The family group of explorers known as the Wild Thornberrys is camped out on a tropical island, investigating the flora and fauna for a loyal TV audienceof nature enthusiasts. A hapless vacation party of shipwrecked Rugrats families washes in with the tide after surviving a storm at sea, a visual spectacle embraced in order to burlesque “The Perfect Storm.” There are also throwaway gags mocking “Titanic” and “A.I.,” which left its little android Pinocchio in a watery grave for millennia. In fact, there’s such a fixation on non-fatal images of submersion and drowning in “Rugrats Go Wild” that I began to feel as haunted as the Ancient Mariner whenever characters approached the water.

No doubt anticipating a Father’s Day weekend release, the filmmakers blame the shipwreck on dad Stu Pickles, who botches the reservations. Instead of booking comfortable accommodations on a luxury cruise ship, he rents a nautical fixer-upper that becomes a fleeting deathtrap. Once gathered in the same setting, the adults are kept apart to prevent anything responsible from happening. The babies and toddlers wander off to terrorize the jungle wildlife and belabor jokes about dirty diapers. Between the diaper references and the drowning alarms, spectators can look forward to being encased in a monotonously sodden system of humor.
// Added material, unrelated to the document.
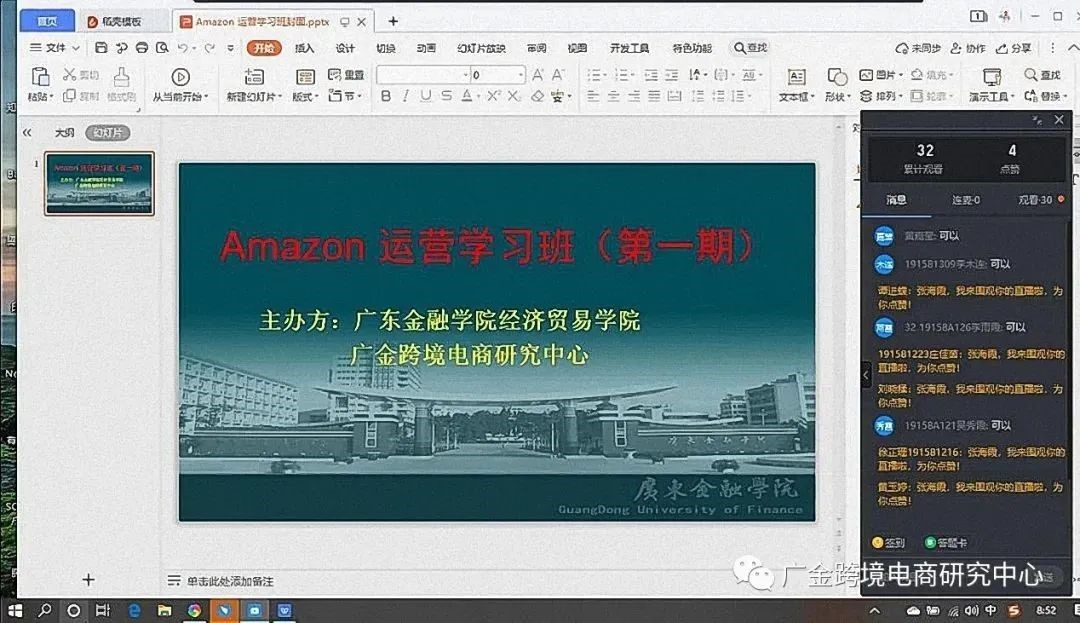 跨境电商第二课堂——Amazon运营学习班,以亚马逊的高级运营模式为例,以视频学习、点评等方式剖析其中的运营方式,让同学们更好地掌握跨境电商的基本运营,了解国际贸易的新业态。多位老师通过钉钉课堂进行直播教学,同学们利用手机、电脑等设备远程听课。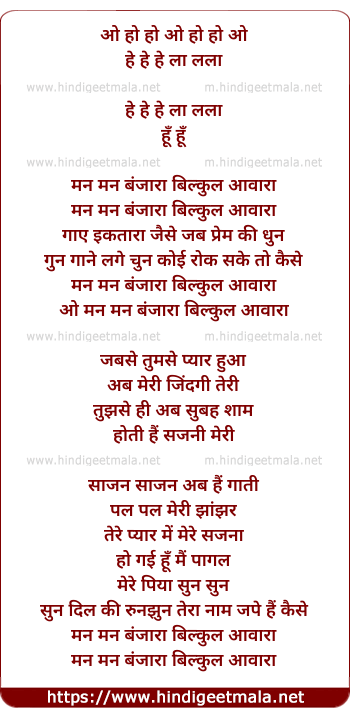 Lyrics of Mann Mann Banjara - मन मन बंजारा

Similar personality types get paired up as the juveniles ramble: bossy Angelica of the Rugrats contingent meets a dominant teen to emulate in whiney Debbie of the Thornberrys; feral Donnie of the Thornberrys discovers a raunchy soulmate in Chucky of the Rugrats. The castaway Rugrats parents bicker too much to keep tabs on their possibly endangered offspring. The womenfolk seem inclined to use Stu’s blunders as a lever for matriarchal tyranny. Jolly good Nigel Thornberry takes a fall off a cliff that injures his head, causing a temporary reversion to childhood. This mishap renders him a compatible playmate for the moppets.

The clever blend of slapstick anarchy and affectionate family feeling that sustained the first two “Rugrats” features must have gone down with the ship in “Go Wild.” The jokes and characterizations suffer from an aggressive staleness that implies either desperation or oblivion. The Rugrats excursion to Paris turned out to be a happy brainstorm. Having them get lost with the Thornberrys has turned into an unwitting cry in the wilderness for fresh comic inspiration.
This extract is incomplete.